Crytek on PS3/X360 (+ more - great read)

Nemo80 said:
Exactly, that's what i think of. But still, whats the difference to CELL then, making it "better" in this respect, according to CryTek (and a presumable 2nd VMX unit ;) )?

I'm not entirely sure. I haven't been keeping up with all of the information about the PPE, but one of my pet theories (someone will probably prove this entirely false!) is that the PPE is perhaps capable of two hardware threads, and also has two VMX execution units. So each thread shares the int unit/fp unit/cache/etc, but each has it's own VMX execution unit (or perhaps each thread can issue instructions to both VMX units?).

Nite_Hawk
 
That SMT document is pretty helpful. Thanks for that. I've never actually read about SMT but as I suspected the idea is really nothing new. Conceptually it's the same thing as multitasking in operating systems.
 
seismologist said:
That SMT document is pretty helpful. Thanks for that. I've never actually read about SMT but as I suspected the idea is really nothing new. Conceptually it's the same thing as multitasking in operating systems.

It's similar, but it's more like multitasking limited to two threads which each have dedicated hardware for thread context information so you don't need a context switch. It is a pretty neat idea given the small amount of hardware needed and the improvement in efficiency you can net if the two threads aren't fighting for control of shared resources.

I think the biggest question (atleast for me) is what is IBM/MS doing to deal with the logical processors fighting with each other over shared resources? between the six hardware threads, you've got 3 sets of execution units, and a 1MB cache. If you really intend to have 6 hardware threads that cache is going to be quite the prime commodity.

Nite_Hawk
 
blakjedi said:
Xenon is both SMP and SMT. The Hardware supports six independent hardware threads and sees each thread as its own processor. Programmers can either see them as Six threads or six processors.

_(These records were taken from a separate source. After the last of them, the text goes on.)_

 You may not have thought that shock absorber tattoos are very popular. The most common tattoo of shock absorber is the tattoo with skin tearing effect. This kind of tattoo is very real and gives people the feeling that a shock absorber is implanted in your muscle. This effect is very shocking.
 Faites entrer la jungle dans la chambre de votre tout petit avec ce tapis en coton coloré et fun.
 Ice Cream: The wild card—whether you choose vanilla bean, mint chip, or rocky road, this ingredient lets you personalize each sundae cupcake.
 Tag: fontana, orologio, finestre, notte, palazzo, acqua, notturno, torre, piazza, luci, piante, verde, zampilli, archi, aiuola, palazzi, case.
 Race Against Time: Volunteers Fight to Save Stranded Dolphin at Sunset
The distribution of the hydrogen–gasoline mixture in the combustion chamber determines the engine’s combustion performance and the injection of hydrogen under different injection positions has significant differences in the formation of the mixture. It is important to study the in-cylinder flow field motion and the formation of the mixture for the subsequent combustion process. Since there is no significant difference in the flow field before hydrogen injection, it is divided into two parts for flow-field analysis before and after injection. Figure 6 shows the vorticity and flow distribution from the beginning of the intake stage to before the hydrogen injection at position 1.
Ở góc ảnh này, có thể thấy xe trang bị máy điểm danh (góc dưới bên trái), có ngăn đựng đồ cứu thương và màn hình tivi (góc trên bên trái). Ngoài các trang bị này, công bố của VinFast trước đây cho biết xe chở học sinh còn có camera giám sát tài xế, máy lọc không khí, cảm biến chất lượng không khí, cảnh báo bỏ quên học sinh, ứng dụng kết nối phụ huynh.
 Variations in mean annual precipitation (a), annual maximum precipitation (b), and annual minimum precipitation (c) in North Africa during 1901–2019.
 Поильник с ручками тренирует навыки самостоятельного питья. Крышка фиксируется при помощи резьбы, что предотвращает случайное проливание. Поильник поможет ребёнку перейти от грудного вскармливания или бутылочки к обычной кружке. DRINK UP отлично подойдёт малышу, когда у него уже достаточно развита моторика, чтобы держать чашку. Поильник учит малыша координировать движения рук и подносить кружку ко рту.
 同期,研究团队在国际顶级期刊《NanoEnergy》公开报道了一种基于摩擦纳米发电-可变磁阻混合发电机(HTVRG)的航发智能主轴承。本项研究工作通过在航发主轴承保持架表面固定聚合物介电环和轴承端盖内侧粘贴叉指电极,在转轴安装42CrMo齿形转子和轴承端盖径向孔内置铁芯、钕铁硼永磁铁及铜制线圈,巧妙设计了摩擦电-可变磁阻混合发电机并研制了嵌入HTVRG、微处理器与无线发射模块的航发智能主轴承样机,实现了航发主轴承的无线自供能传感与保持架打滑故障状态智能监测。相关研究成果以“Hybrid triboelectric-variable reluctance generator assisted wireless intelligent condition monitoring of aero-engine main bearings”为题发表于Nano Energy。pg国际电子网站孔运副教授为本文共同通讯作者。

It is highly probable that neither Xenon NOR CELL are SMT. The more likely implementation is CMT or SOEMT.

Aaron Spink
speaking for myself inc.
 
blakjedi said:
Almost Exactly... are there 128 VMX registers though some say 256. *shrug*

Um, people without clues shouldn't speak. Or try to correct other people without clues.

Each Core in Xenon implements 2 hardware contexts.

Aaron Spink
speaking for myself inc.
 
blakjedi said:
Taken from IBM's site: Characterization of simultaneous multithreading (SMT) efficiency in POWER5

"In SMT mode, the processor resources—register sets, caches, queues, translation buffers, and the system memory nest—must be shared by both threads, and conditions can occur that degrade or even obviate SMT performance improvement."

If I misunderstand that quote please let me know because I am trying to grasp this whole conversation as best I can.

The Power Architecture has 31 architected integer registers. The Power5 design implements much greater than 31 physical registers. There are 2*31 registers that contain the Architecture state for each of the hardware contexts supported by the Power5 design. In addition, there are a number of extra registers that are used for the renaming operation of the CPU used to disambiguate between various intantaneous uses of the a given architects register identifier within the program flow. This disambiguation of the registers allows the OoOE. There are multiple ways to implement the register subsystem of an OOO processors, three different implementations of which are done in the Alpha EV6, the K7/8, and the P6 microarchitectures.

Neither Xenon NOR the PPE being an OOO processor, none of this applies to either of them.

If you would like to learn more, I suggest you pick up a copy of one or both of the Hennesey and Patterson Computer Architecture books.

Aaron Spink
speaking for myself.
 
Nite_Hawk said:
The big downside is that there will be contention for resources, but IBM/MS has to deal with this anyway between the 3 cores, so perhaps they have made some advances beyond the previous SMT implementations.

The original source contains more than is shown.